Handling a Large Universe of Stock Price Data in R: Profiling with profvis

Posted on May 22, 2020 by Kris Longmore
No Comments
240 Views

Recently, we wrote about calculating mean rolling pairwise correlations between the constituent stocks of an ETF.

The tidyverse tools dplyr and slider solve this somewhat painful data wrangling operation about as elegantly and intuitively as possible.

Why did you want to do that?

We’re building a statistical arbitrage strategy that relies on indexation-driven trading in the constituents. We wrote about an early foray into this trade – we’re now taking the concepts a bit further.

But what about the problem of scaling it up?

When we performed this operation on the constituents of the XLF ETF, our largest intermediate dataframe consisted of around 3-million rows, easily within the capabilities of modern laptops.

XLF currently holds 68 constituent stocks. So for any day, we have  \frac{68*67}{2} = 2,278 correlations to estimate (67 because we don’t want the diagonal of the correlation matrix, take half as we only need its upper or lower triangle).

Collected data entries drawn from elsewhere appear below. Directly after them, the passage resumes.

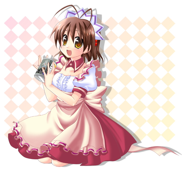 saya (cosplayer), silver hair, photo (medium), 1girl, balloon, bow, cosplay, couch, dress, hair bow, polka dot, red upholstery, ribbon, smile
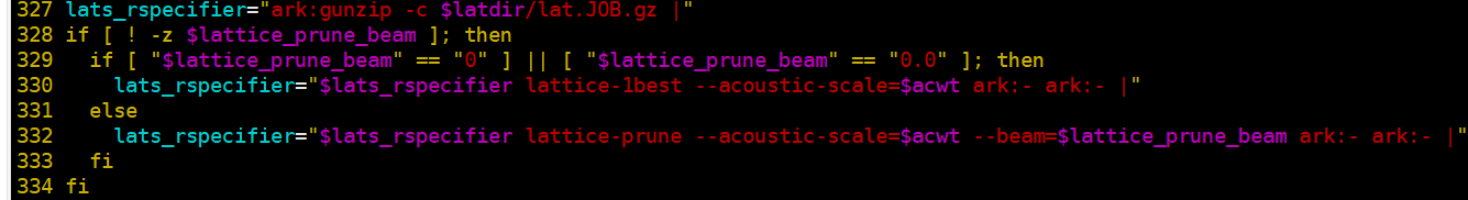 step 6: 设置lattice的情况。默认是用gmm解码得到的完整lattice作为分子,主要是为了防止gmm得到的lattice不准确,有一定的容错机制。但是我感觉可以用剪枝后的结果,以提供更加准确的信息。
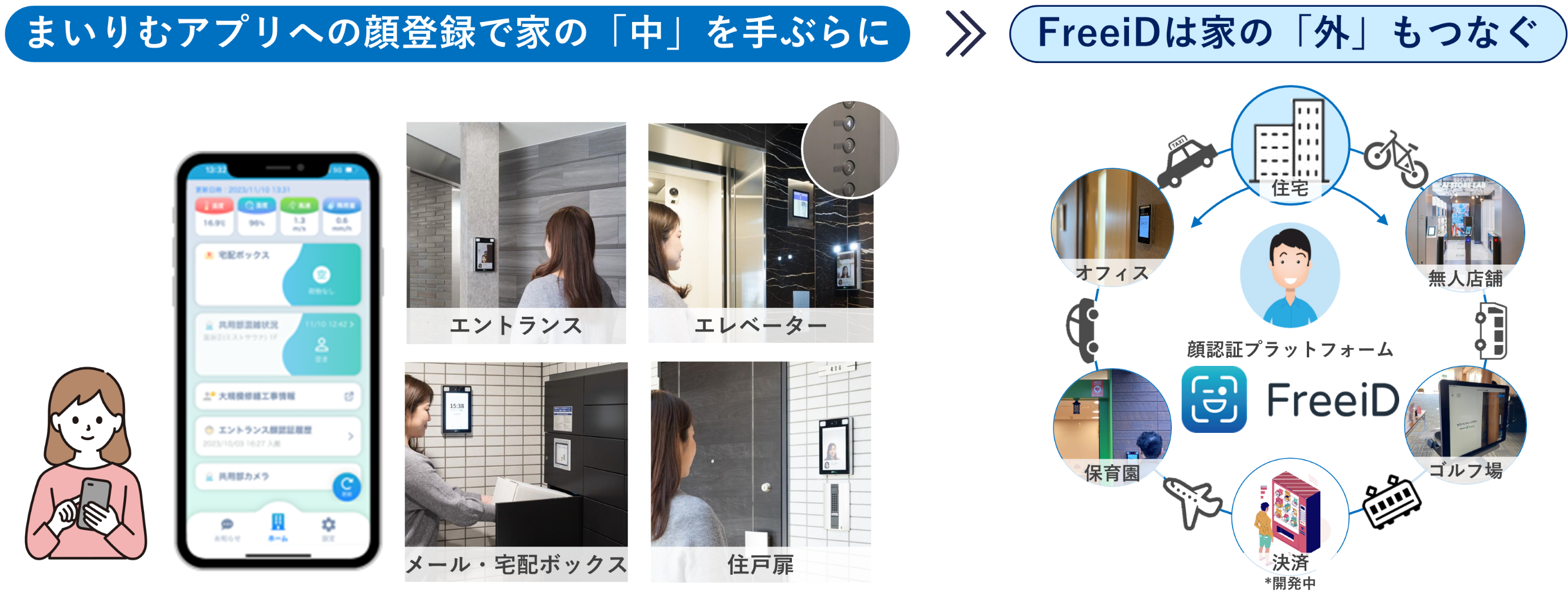 一方、DXYZが開発・提供する「FreeiD」は、鍵や財布・スマホを持つことなく、1度の顔登録で『顔ダケで、世界がつながる。』顔認証プラットフォームです。住宅領域では、国内初※1の鍵が一切不要となる「オール顔認証マンション」を実現し、2021年1月以降36棟(2023年11月末時点)に導入しております。
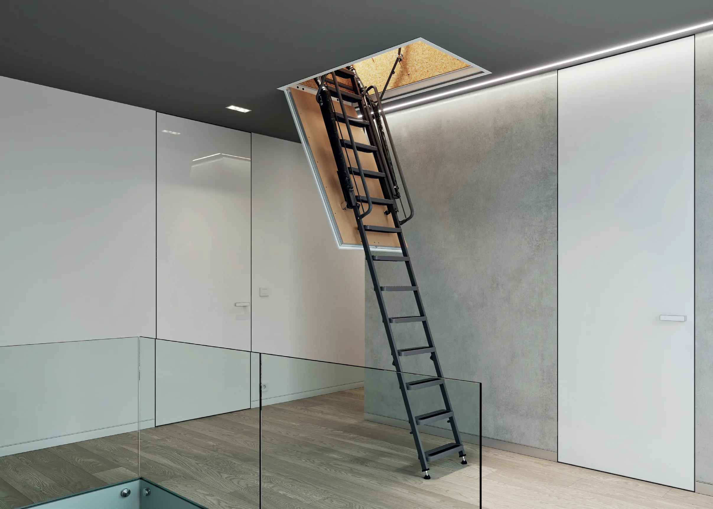 Kloè создается путем сочетания цветов стали, черного (RAL 9017), белого (RAL 9010) или серого (RAL 9006) со светлыми (натуральными) или темными тонированными ступенями из бука.
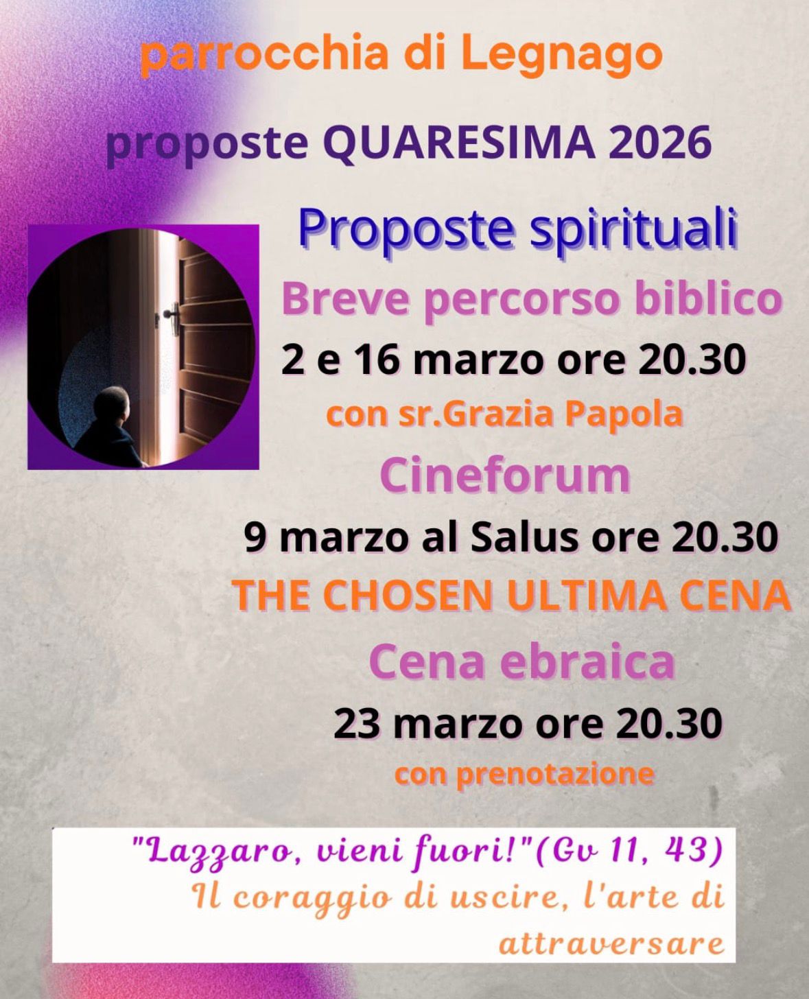 Per questo tempo di Quaresima, la parrocchia di Legnago organizza alcune proposte che possano accompagnare i fedeli nei giorni che preparano alla celebrazione della Pasqua, sulla scia del tema diocesano “Lazzaro, vieni fuori! (Gv 11, 43). Il coraggio di uscire, l’arte di attraversare“.
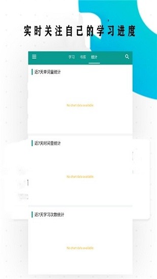 可以查询自己的日常学习情况和每本书学到的单词。
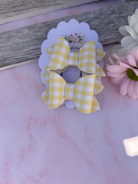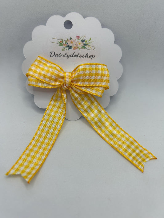 Yellow gingham ribbon bow with alligator clip. Ideal for school

We calculated five years of rolling correlations, so we had  5*250*2,278 = 2,847,500 correlations in total.

Piece of cake.

The problem gets a lot more interesting if we consider the SPY ETF and its 500 constituents.

For any day, we’d have  \frac{500*499}{2} = 124,750 correlations to estimate. On five years of data, that’s 5*250*124,750 = 155,937,500 correlations in total.

I tried to do all of that at once in memory on my laptop…and failed.

So our original problem of designing the data wrangling pipeline to achieve our goal has now morphed into a problem of overcoming performance barriers.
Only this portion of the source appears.